| Supplied information |
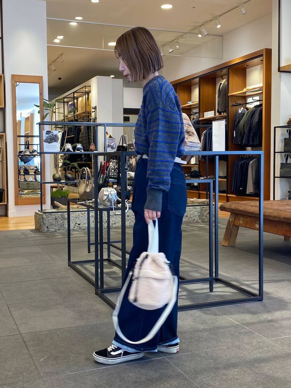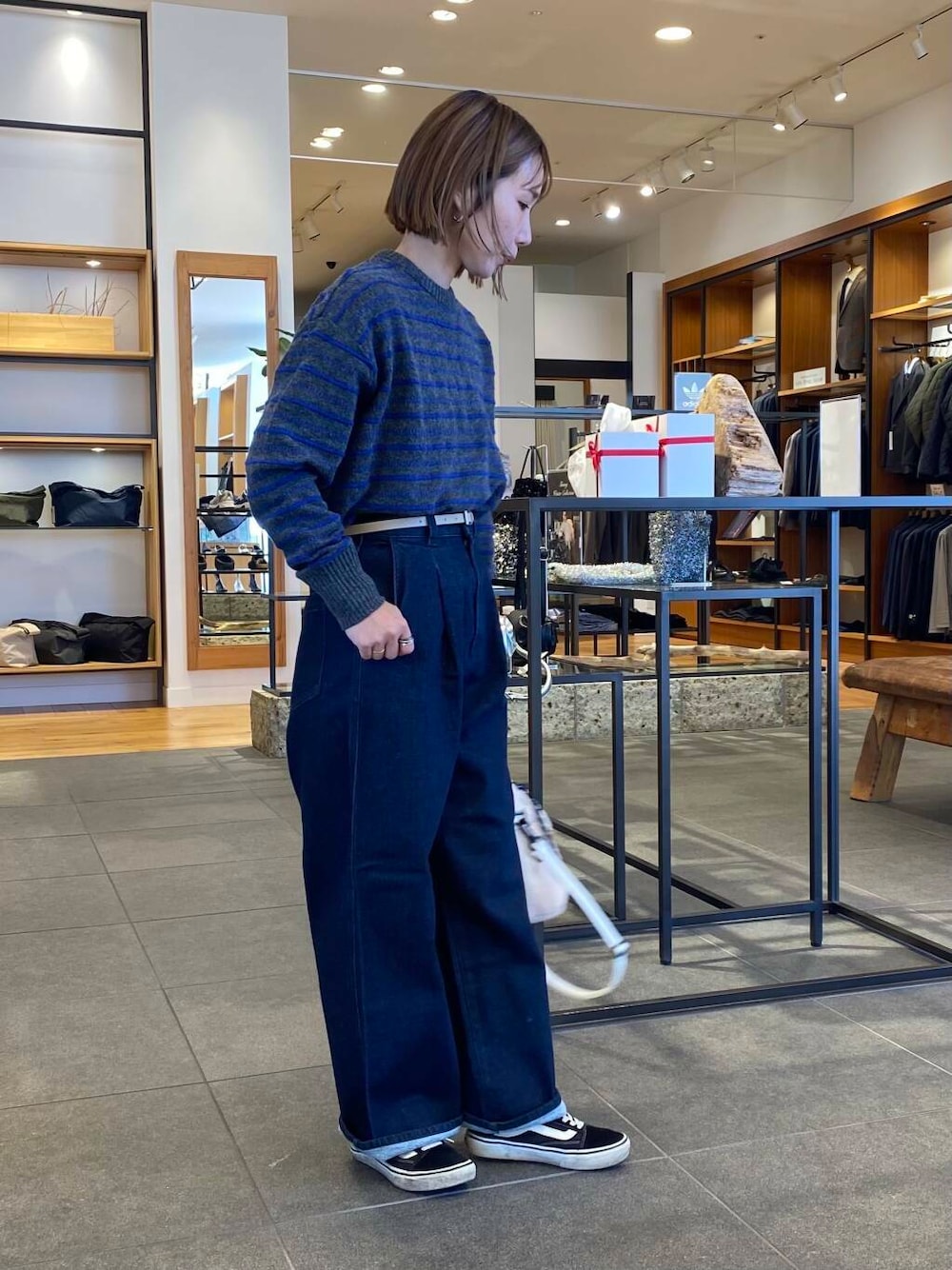 裏起毛タックデニムは程良くボリュームがあり合わせやすいシルエットでした。
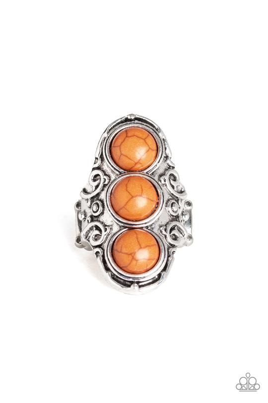 Three earthy brown stones are pressed down the center of an ornate silver frame embossed in swirling filigree for a seasonal look. Features a stretchy band for a flexible fit.
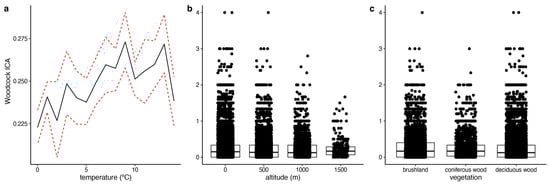 Variation of mean Woodcock abundance (Woodcock ICA, solid line) by temperature (a), dashed red lines correspond to 95% confidence intervals (95% CI) altitude (b) and habitat type (c).

| Instructions to follow |
Your task is to retype exactly the lines that run from the line with "Three earthy brown" through the last line of the material, with the pictures left out.

| Response below |
 Three earthy brown stones are pressed down the center of an ornate silver frame embossed in swirling filigree for a seasonal look. Features a stretchy band for a flexible fit.
 Variation of mean Woodcock abundance (Woodcock ICA, solid line) by temperature (a), dashed red lines correspond to 95% confidence intervals (95% CI) altitude (b) and habitat type (c).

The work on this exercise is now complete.